1 April 1893.
139
De heer Mathon vindt het zeer goed dat de bepaling
van het aantal paarden aan burgemeester en wethouders
is overgelaten In den drukken tijd kan dan steeds een
voldoend aantal paarden aanwezig zijn.
De heer Heijlaerts acht den tijd van huuropzegging
binnen ééne maand wel wat kort.
De heer Van Dam doet opmerken dat bij verhuring
ook de verhuurder op zijn belang te letten heeft, en de
bestreden bepaling gemaakt is om eventueel het heft in
handen te hebben.
Den heer Heijlaerts komt het voor, dat de huurder in
dien korten tijd toch zijne bedienden niet kan wegzenden.
Die worden per week gehuurd zegt de voorzitter.
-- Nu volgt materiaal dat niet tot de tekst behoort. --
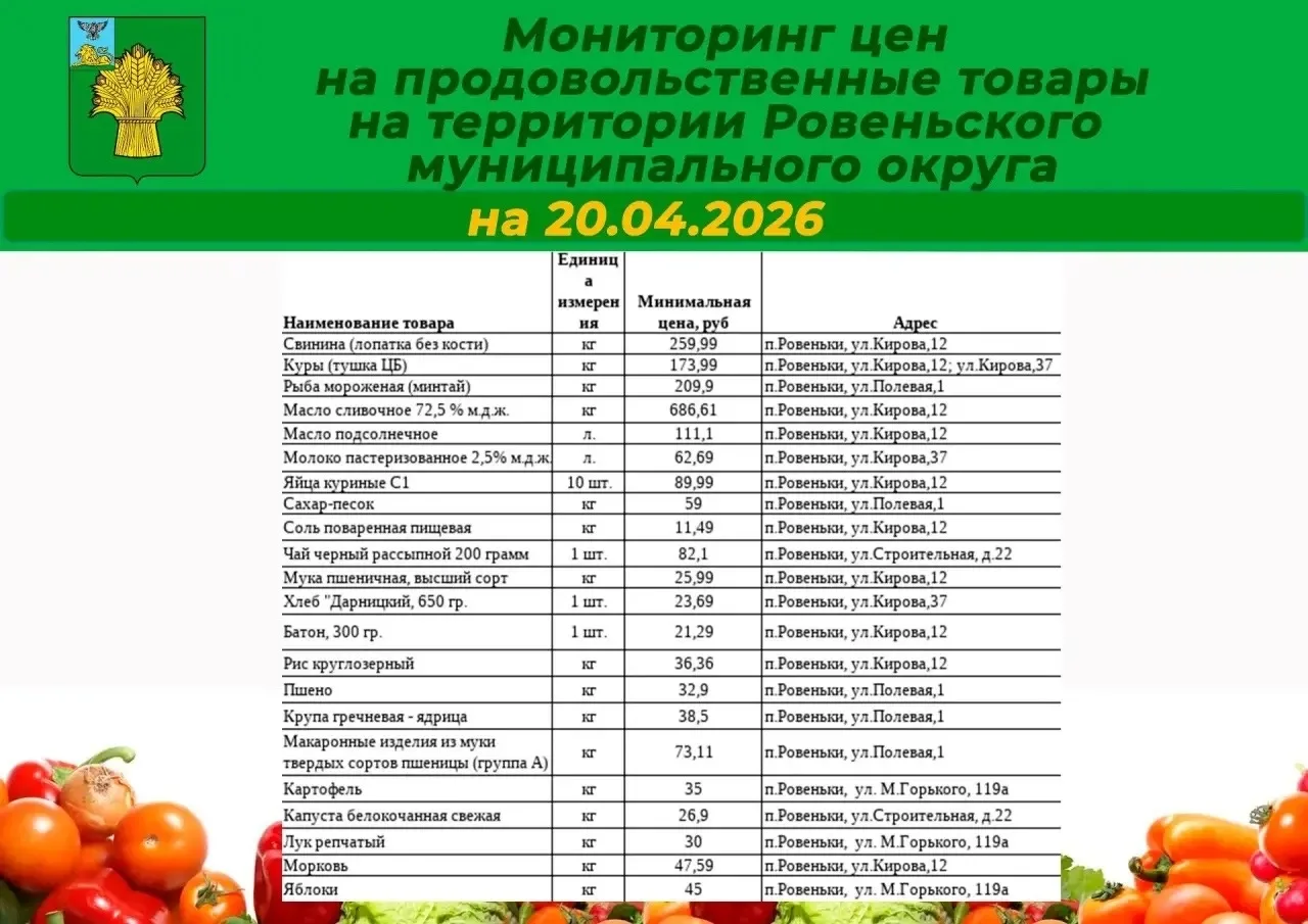 Делимся с вами подборкой цен на социально значимые продукты на территории Ровеньского муниципального округа по состоянию на 20 апреля 2026 года.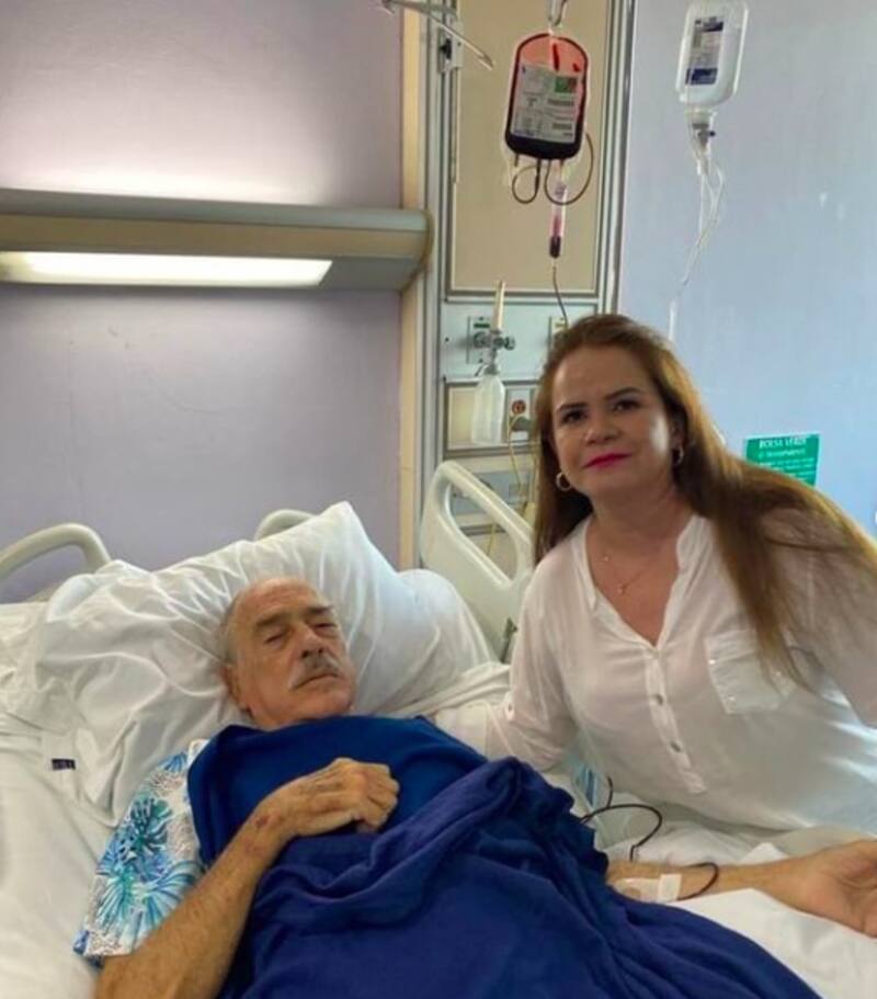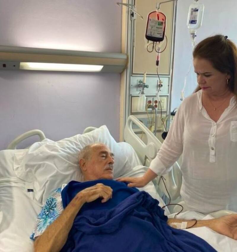 En esta publicación mostró que el actor recibió una transfusión de sangre a tiempo y agradecido, le envió un mensaje al personal médico por todas las atenciones. Como siempre junto a él se encontraba Margarita Portillo, su pareja 30 años menor.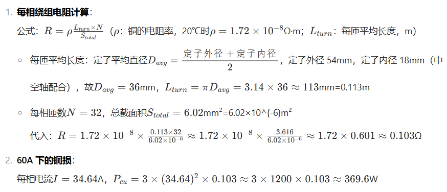 | 仿真验证 | 验证电磁性能、温升、机械应力 | 仿真报告(磁密、扭矩、温升曲线) | 60A 下的铜损 / 铁损计算、中空轴扭矩变形量 |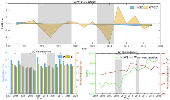 Annual changes of IWS, GWS, and natural/human factors in the Tarim River Basin. The shaded areas represent periods of notable declines in GWSC.

De heer Mathon betoogt dat de bepaling strekt in het
belang der bediening. Immers werd de termijn van huur
opzegging uitgebreid tot drie maanden, dan zou al dien tfjd
de slechte bediening voortduren.
De heer Heijlaerts verklaart zich bij de hem gegeven
inlichtingen wel te kunnen neerleggen.
De heer Klep komt terug op de bepaling van een
minimum aantal paarden, en vraagt hoeveel er vroeger
moesten zijn?
De voorzitter antwoordt: „Negen, drie in eiken stal."
De heer Klep dringt aan, dat zal worden tegemoet ge
komen aan de klachten der schipperij en minstens het
minimum aantal paarden vastgesteld worde op 6.